While the PDP Bill, 2019 is still in the making, personal and sensitive personal data processing in wake of COVID-19 outbreak is no longer hypothetical. It is happening in an unregulated manner that tends to jeopardize an individual’s right and legitimate expectation of fair, transparent processing of data and informational privacy. Thus, the legality must be analysed in the backdrop of the Constitution and jurisprudence on when can fundamental rights be derogated. It is settled law that government can suspend or limit fundamental rights only upon satisfaction of the “legality, necessity and proportionality” test. Curtailment has to be (i) as per procedure established under law, (ii) the steps taken must be fair, necessary and reasonable, and (iii) proportionate to the legitimate aim pursued. As it stands today, there is no law providing the procedural and substantive safeguards on how government will access, process, store and disclose personal data.

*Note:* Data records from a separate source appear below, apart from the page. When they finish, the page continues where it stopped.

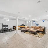 The fully finished basement adds an impressive amount of living space, currently set up as a fitness room, media lounge, and game area with space for a pool table. This large lower level creates an ideal entertainment area for family and guests, offering flexibility for recreation, hobbies, or movie nights.
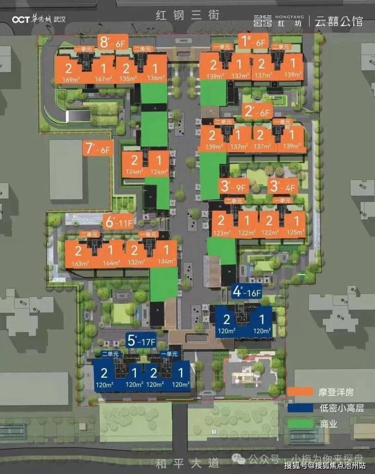 华侨城红坊云囍公馆 城芯低密四代洋房该项目位置位于武汉市青山区红钢一街32号,紧邻和平大道,距离地铁5号线红钢城站约650米,与青山江滩公园直线距离约650米。红坊丨云囍公馆为青山10街坊地块(即P(2024)205号地块),2024年12月26日,商改住之后重新挂牌,仍由武汉华滨置业有限公司(央企华侨城)底价拍得,楼面价约14307元/平。
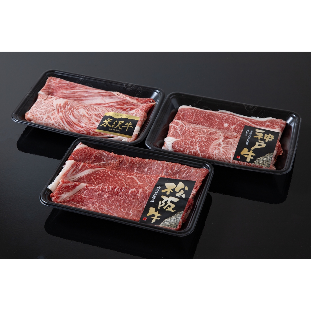 内容:松阪牛(もも)すきしゃぶ用、神戸牛(肩ロース・肩・バラ)すきしゃぶ用、米沢牛(肩ロース・肩・バラ)すきしゃぶ用 各200g×各1
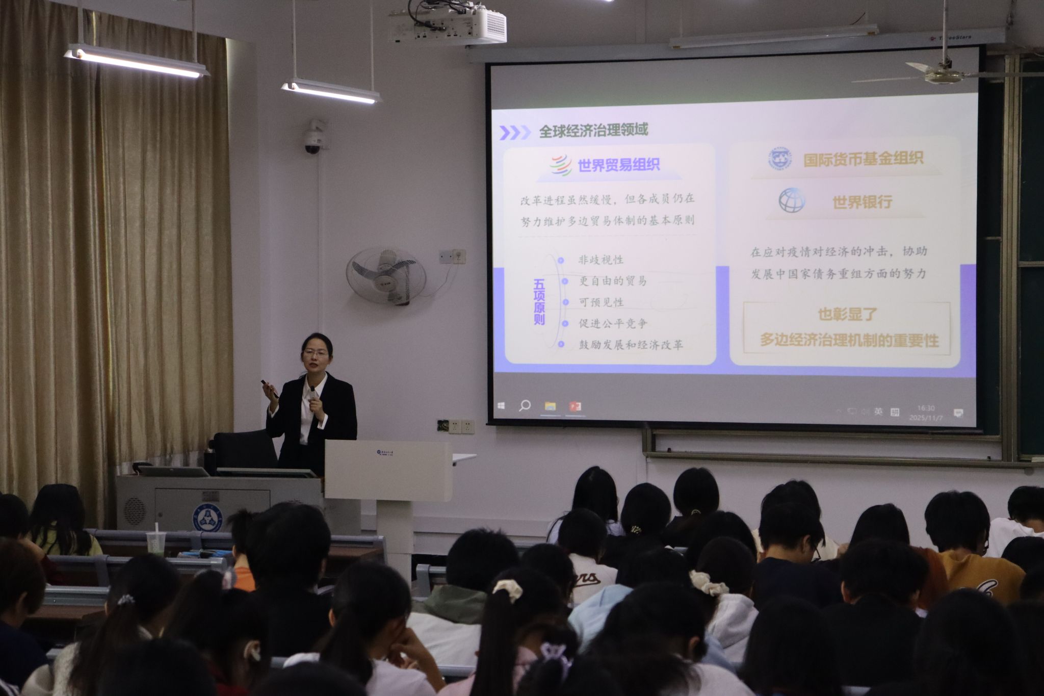 11月7日,学校党委常委、副校长甘雅芬为经济管理与法学学院2024级金融学和会计学专业本科生上形势与政策课。
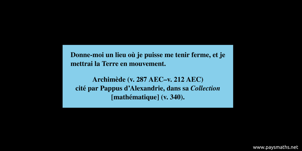 "Donne-moi un lieu où je puisse me tenir ferme, et je mettrai la Terre en mouvement." – Archimède (v. 287 AEC–v. 212 AEC)
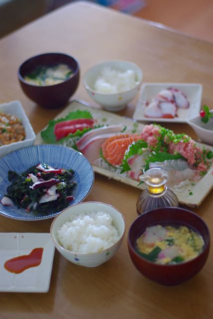2015-6-16 07:00:00 お刺身いろいろと、タコとわかめの酢の物。ドレッセンのエプロン。 暑いです~(;´Д`)ついに、夏バテの季節がやってきたようです。暑いのが苦手なんですが、この蒸し蒸しした梅雨の感じがまた・・・駄目。なぜ京都に住んでるんだ。。と年間2度思うのですが、一度は梅雨時期でもう一度は真冬ですね。底冷えね( ´༎ຶㅂ༎ຶ`) 期間で言った
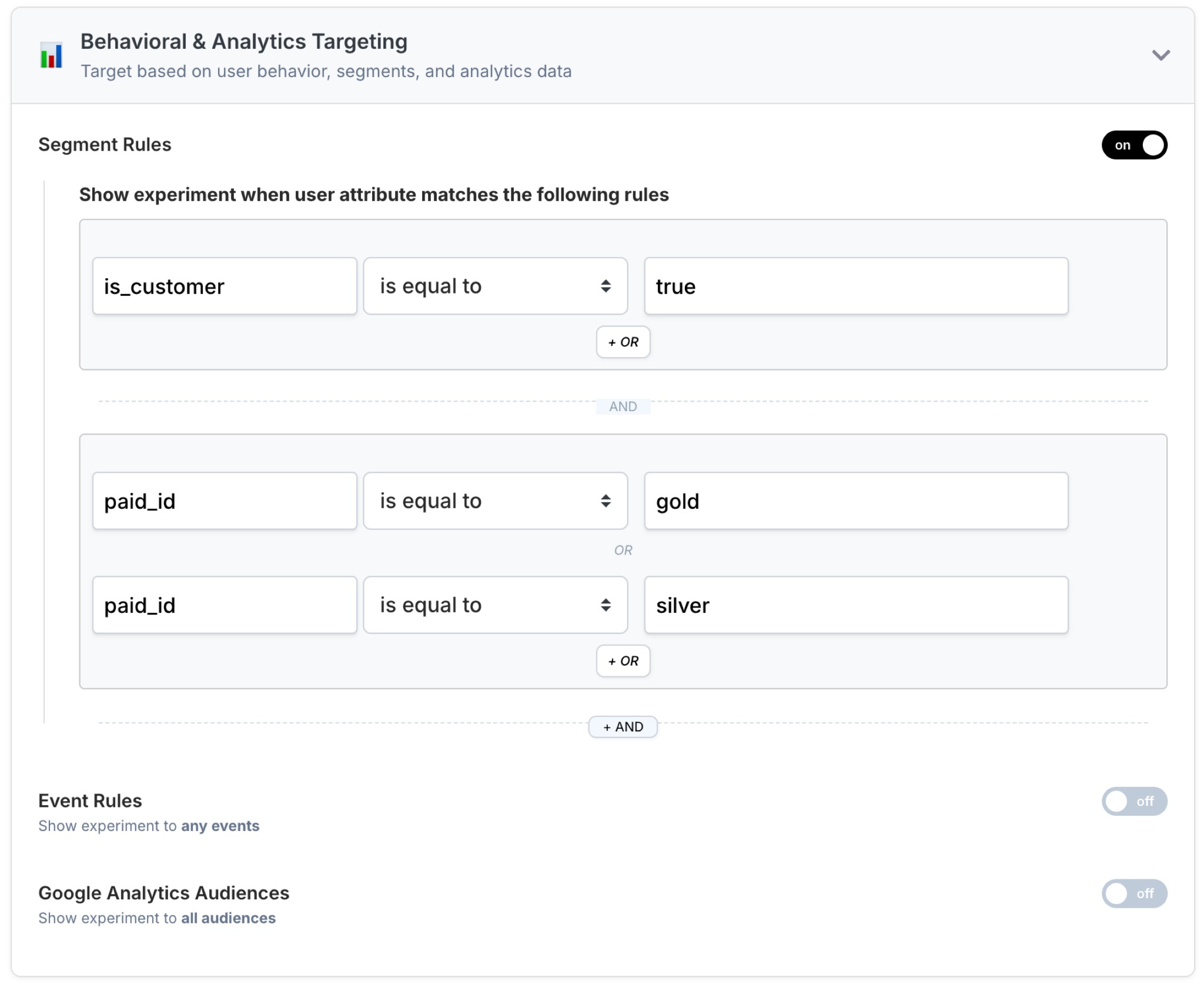 Targeting Rules → Behavior & Analytics Targeting →Segment Rules
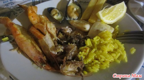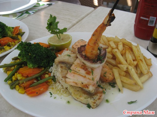 Это полноценное блюдо на одного: салат + горячее: Кольца кальмара на гриле с рисом овощами и фри. Нам на троих хватило наесться, а одну бы просто разорвало от такого количества
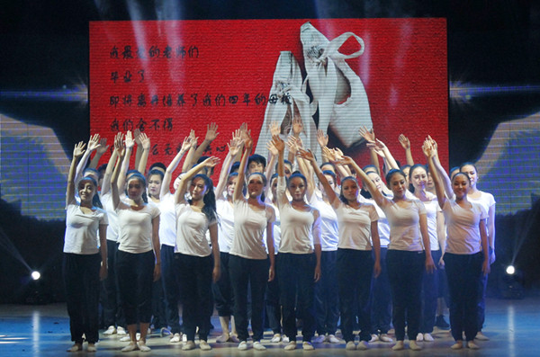 据悉,本次晚会由2010级舞蹈学(海外教育)班主任刘爽老师亲自策划并担任现场导演,分别以“舞”、“光”、“10”、“色”四幕,展现出了2010级舞蹈学同学们的舞蹈精神与感动。芭蕾舞《榕树仙子》、男子群舞《父亲》等,一连串精彩绝伦的舞蹈表演折服了现场观众。最后,晚会在热情洋溢的民族舞蹈《叭一口》中落下帷幕。
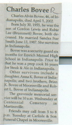 | Survived By | Widow; daughter, Anna K. Bovee; 2 brothers, Brian K. and Robert L. Bovee. |
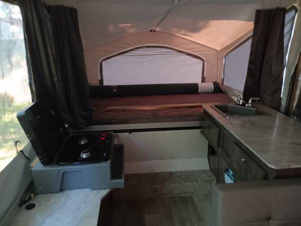 Like new 2022 Rockwood 1940LTD tent camper Heated beds, Range can be used inside or outside. all accessories: Power cord, water hose, support jacks, Canopy with poles and tie down lines.
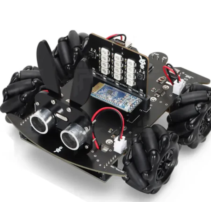 This kit supports multiple functions, including 360 degree omnidirectional movement, ultrasonic obstacle avoidance, and RGB lighting. It is compatible with Android smartphone applications and allows for BLE wireless control. The design of the robot includes a charming rabbit shaped ultrasonic bracket, adding fun to the learning experience.

But, does it mean that government can surveil, disclose, publish, and mine data in an unfettered manner? The answer to this is likely to be in the negative. In a case where it is proved that the implemented methods are unreasonable, unnecessary and there are lesser privacy invasive alternatives to contain and cure COVID-19, the government’s methods can be adjudged unconstitutional. For instance, Karnataka government’s move to publish address details of quarantined residents has no reasonable nexus with public health and COVID-19 emergency. Such publication is an unauthorized disclosure and can actually result in adverse consequences for an individual, such as targeted threats, social stigmatization and discrimination.
6. Way forward: Totalitarian surveillance can no longer be the route for Indian government and it must ensure that the implemented methods are pursuant to due legal process. The manner in which government processes data during this crisis and balances informational privacy with public health emergency will behold important lessons for the future of India’s data protection bill, which has faced stern criticism on state’s power to process data without adequate checks and balances. The need of the hour is for the government to have an immediate policy with clear and accurate public statements on what data is being collected, why, who are receiving it, how third parties will process it, security measures that are put in place, and how long will data be retained. Under no circumstance should COVID-19 data be repurposed or commercialised. Needless to state, measures taken must definitely be temporary, necessary and proportionate, as it will truly test the maturity of the entire governance system.